J’ai travaillé sept ans comme aide-soignant dans un hôpital, et je peux te dire que j’ai vu beaucoup de jeunes qui n’étaient jamais allés dans une boîte gay et qui n’étaient pas homosexuels … et pourtant ils l’ont chopé !
Elle s’appelle le Banque Club.
En fait c’est une ancienne banque désaffectée sur trois étages.
J’ai revu le propriétaire il y a environ trois semaines, et il m’a dit qu’il avait tout fait refaire.
Et je pense que demander cela à des comédiens, aurait été un peu compliqué.
Même pour des comédiens du X, il aurait fallu répéter, répéter …
Gaspar attendait avant tout certaines images et pas d’autres, il attendait certaines choses et pas d’autres.
Donc il y avait un mélange de figurants et de quatre comédiens : Vincent, Jo, Albert et moi.
Il y avait des clients habitués au lieu qui savaient quoi faire et à quel moment … même moi je n’aurais pas su le faire !

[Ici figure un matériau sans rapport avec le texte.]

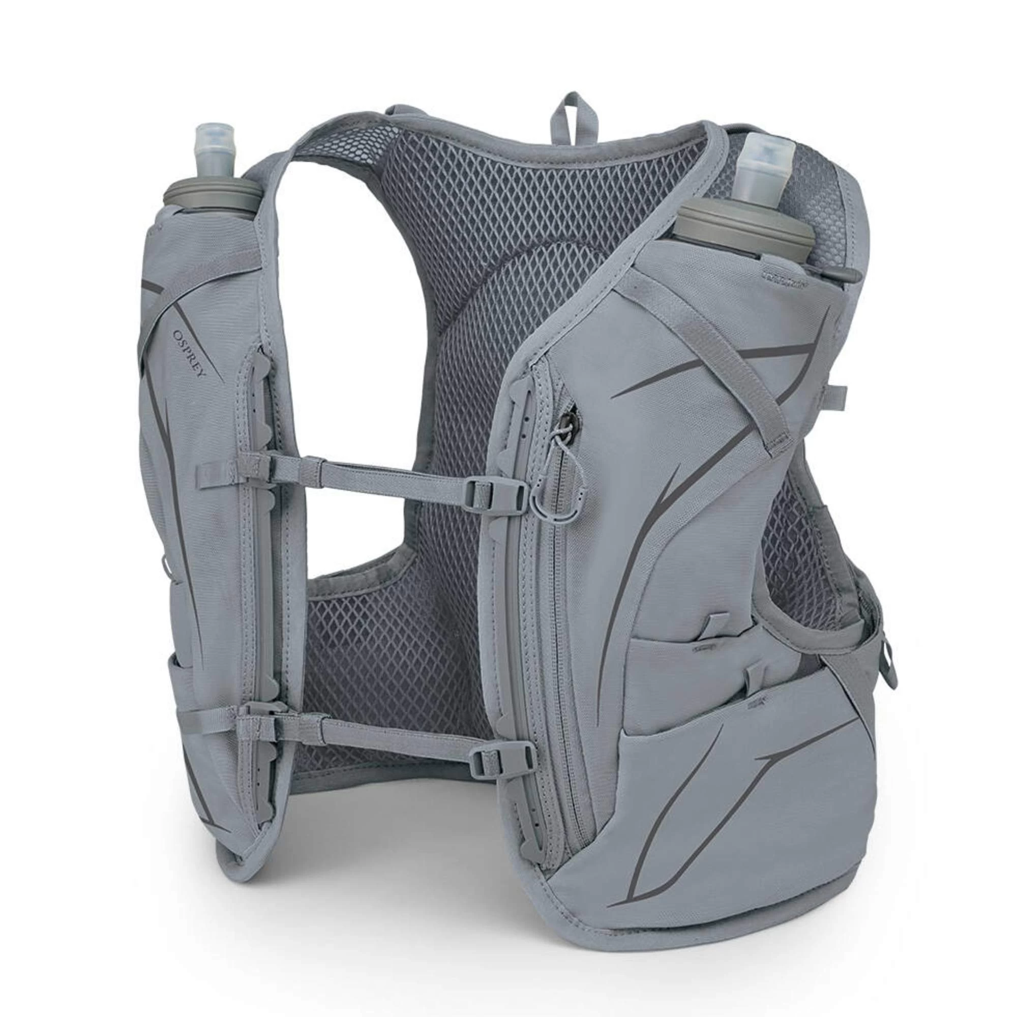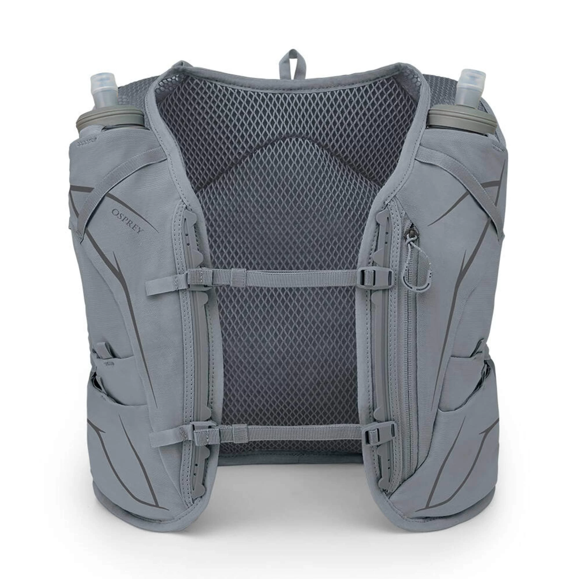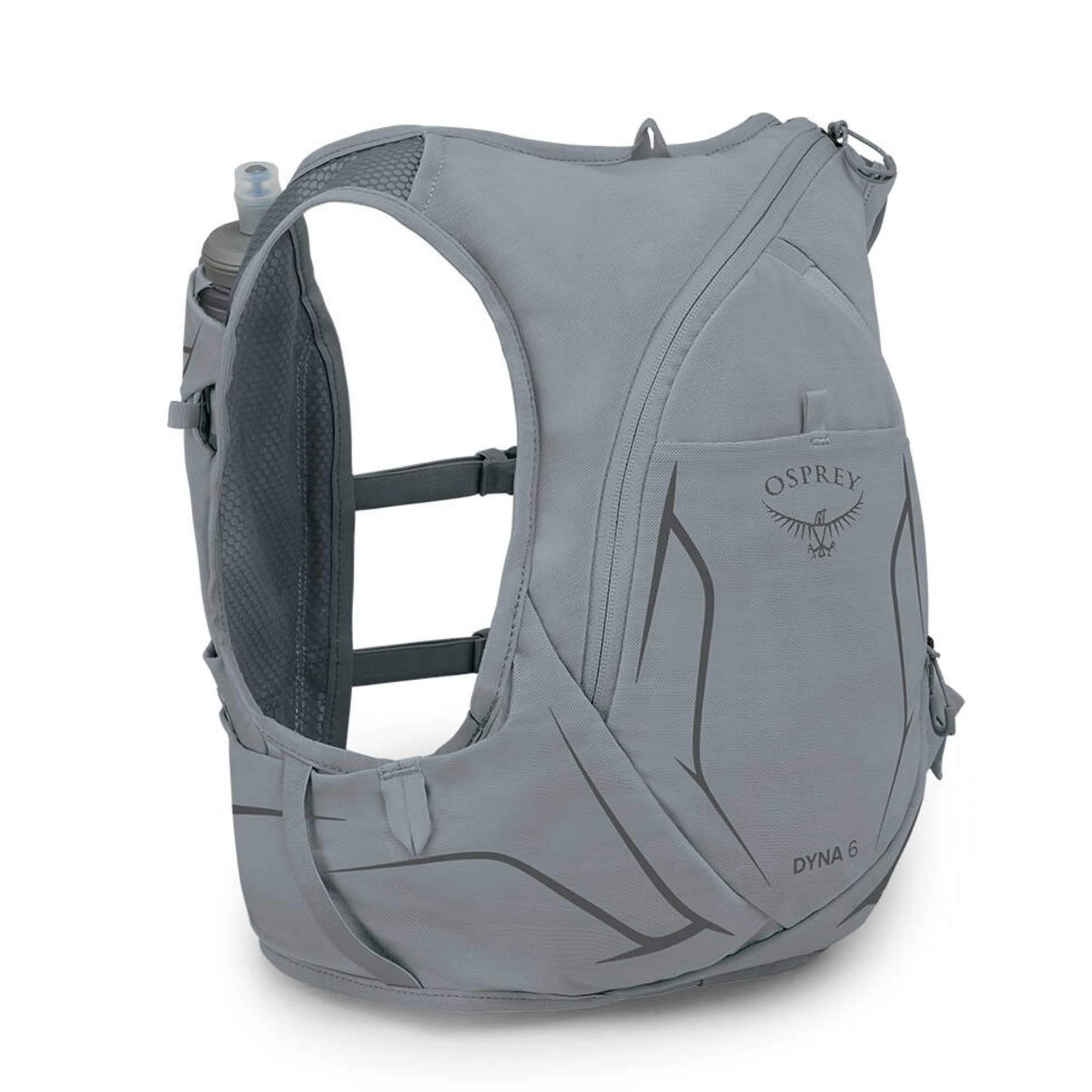 Bei der Dyna 6 liegen direkt zwei 500 ml Hydraulics Soft Flasks von Osprey bei. Die flexiblen Trinkflaschen passen perfekt in die beiden Flaschenhalter auf der Brust und stören durch ihre weiche Form nicht beim Laufen. Du kannst die Dyna auch zusammen mit einer klassischen Trinkblase nutzen, wenn du mehr als 1 Liter Flüssigkeit benötigst.

Si on m’avait demandé de me déshabiller et de me branler devant une caméra, je n’y serais pas arrivé.
Autant monter sur un vélo et faire le facteur, je peux le faire …
En fait, la caméra était un élément extérieur qui venait les surprendre dans des moments de folie.
Et c’est là que Gaspar a été très intelligent et subtil : il les a laissés faire leurs trucs et il est venu les shooter avec sa caméra dans tous les côtés, tous les recoins
Je pense qu’au montage, il dû couper certaines choses qui ne l’intéressaient pas, en prendre certaines autres etc…
Je suis persuadé que la présence de la caméra était un élément excitant pour les figurants !
A un moment, il y a Vincent, Jo et moi et on entend Vincent qui gueule « il est où le Ténia ? ».
Et derrière, j’entends du bruit … c’était un mec qui se masturbait !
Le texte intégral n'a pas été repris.